I've been learning a lot lately - reading up on Agile, Lean Manufacturing, Lean Software Development; experimenting with NHibernate, exploring UnitOfWork concepts and generally trying to become a better software developer. In this process of learning, discussion with others, and application of knowledge to my environment, I've found that knowledge is very distinctly different than understanding.
Let's look at my use of NHibernate as an example. 2 years ago, I knew the basics of what NHibernate could do for me - I spent a few weeks learning the very basics to see how it worked and whether or not I wanted to use it. 1 year ago, I actually started using NHibernate for a project and my knowledge of it quickly grew. I knew how to create the appropriate mapping files, configure NHibernate, etc. As this knowledge grew, I became more and more interested in what NHibernate could do and how it could be applied to many different applications and situations. I knew a lot about how NHibernate was built, how it worked, and what it's capabilities were. However, all of this knowledge was not a substitute for a real understanding of NHibernate. My knowledge of how it worked led me to some conclusions that I don't think are correct anymore - trying to apply NHibernate in situations where it really was not the right answer.
I've seen the same problem occur multiple times in the last 6 months, and in the last 11+ years of my career.
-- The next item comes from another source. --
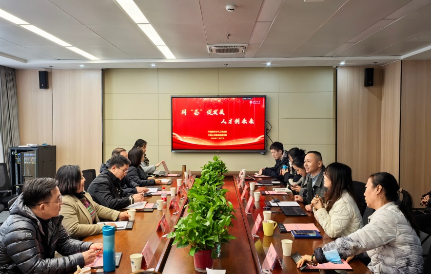 为深入学习贯彻落实党的二十届三中全会精神,强化党建示范引领作用,推动校企之间沟通交流共谋发展。11月27日,公司党委与华润微电子代工事业群精益职能党支部组织开展“同‘芯’促发展,人才创未来”党建促业务交流活动。华润微电子代工事业群党委委员、纪委副书记肖魁,工艺研发党支部书记刘新新,人力资源与行政部总监江虹,精益职能党支部书记左玲,william威廉中文官网公司党委书记耿向阳,党委副书记、副经理糜海燕,电子封装系党支部书记南海燕、系主任于平平,微电子系党支部书记赵琳娜出席会议,员工代表、公司师生代表30余人参加会议。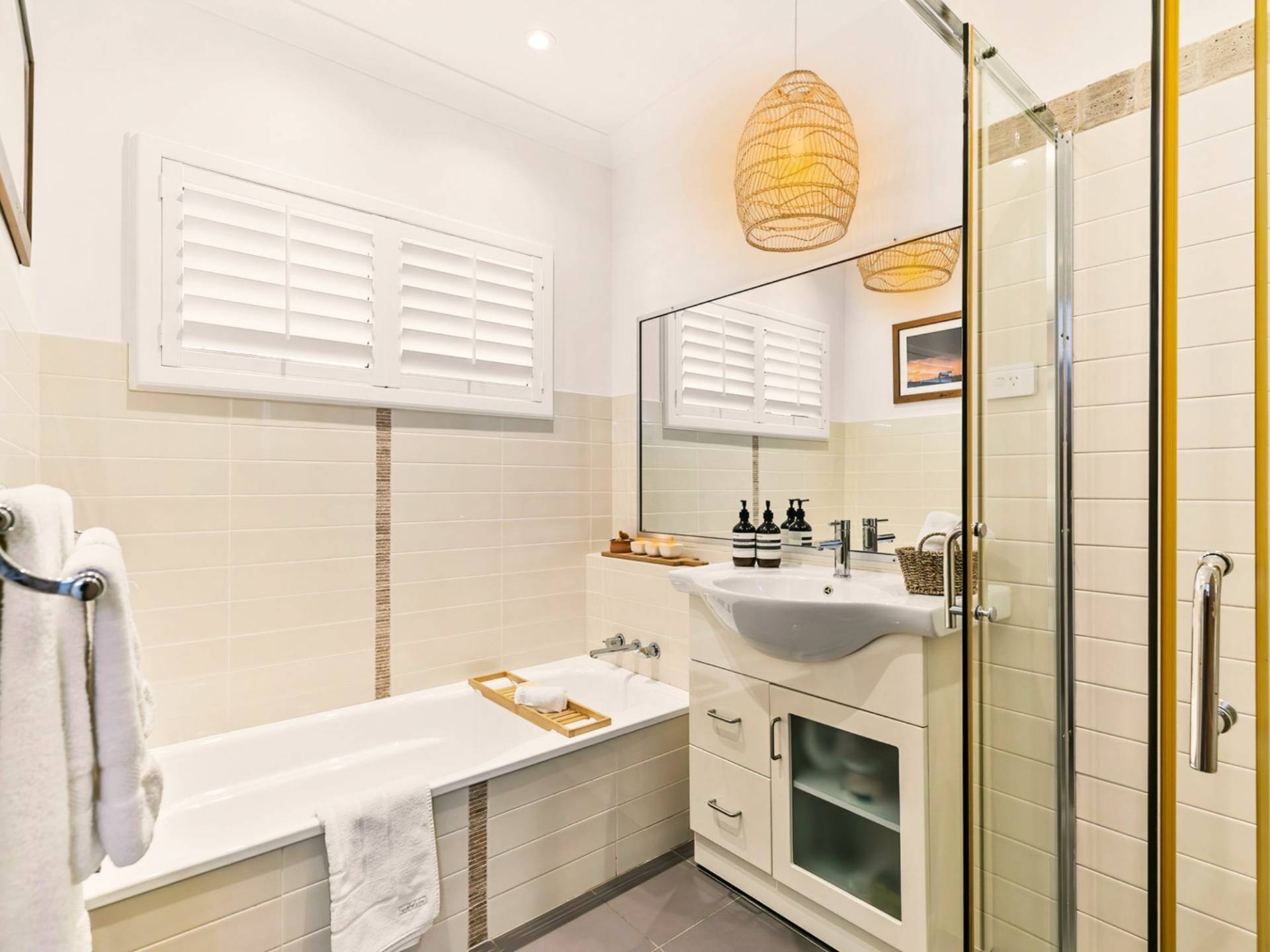 • Master suite bathroom with honed Ivory Travertine stone flooring throughout, honed Ivory Travertine stone on select walls, separate toilet with Roca smart rimless toilet and commercial silent air extractor, floor to ceiling glass shower screen with twin shower heads and stone wall, shower niche with LED with commercial silent air extractor, free standing 1700mm bath with floor mounted tap mixer, two curved oak vanities with Carrara stone tops and brushed gold handles and matt white round sinks, two Copper art round bevelled mirrors, two art-deco vanity pendants, heated towel rail

There's almost a recognizable pattern to the learning process:
- Learning curve to gain working knowledge
- Knowledge growth and intimate familiarity
- Assumption that knowledge gained is a substitute for experience and understanding
- Attempts to apply knowledge incorrectly / in wrong situation
- Realization that knowledge is not understanding or experience
- Stepping back from knowledge to gain understanding of how/when to apply the knowledge
I've done this with Agile/Lean software development as well, recently. I've gained a significant academic knowledge of agile and it's processes and practices. Some of my knowledge is directly backed up by experience, so I believe I do have some understanding of the agile engineering practices. However, I've let my limited understanding mix itself into my academic knowledge a little too much. I've found myself in situations recently where I'm arguing a logical conclusion to a situation and applying it to another situation incorrectly.
One of my coworkers likes to apply this adage to situations like this:
If a hammer is the only tool you have, everything looks like a nail.
I need to remember to step back from my raw knowledge - be it academic or real world use - and let common sense and experience interweave into understanding or the realization that I don't understand. I need to understand that just because I am currently holding a hammer, and thinking about hammers, that doesn't mean that the problem in front of me is a nail that needs to be hammered.
The realization that knowledge is not a substitute for understanding can be a very distressing and/or humbling experience. The reality of learning, knowledge and understanding, though, is that I can have every last bit of knowledge on a subject - but without experience to guide me, I can't always understand the where/when/why/how of applying that knowledge appropriately.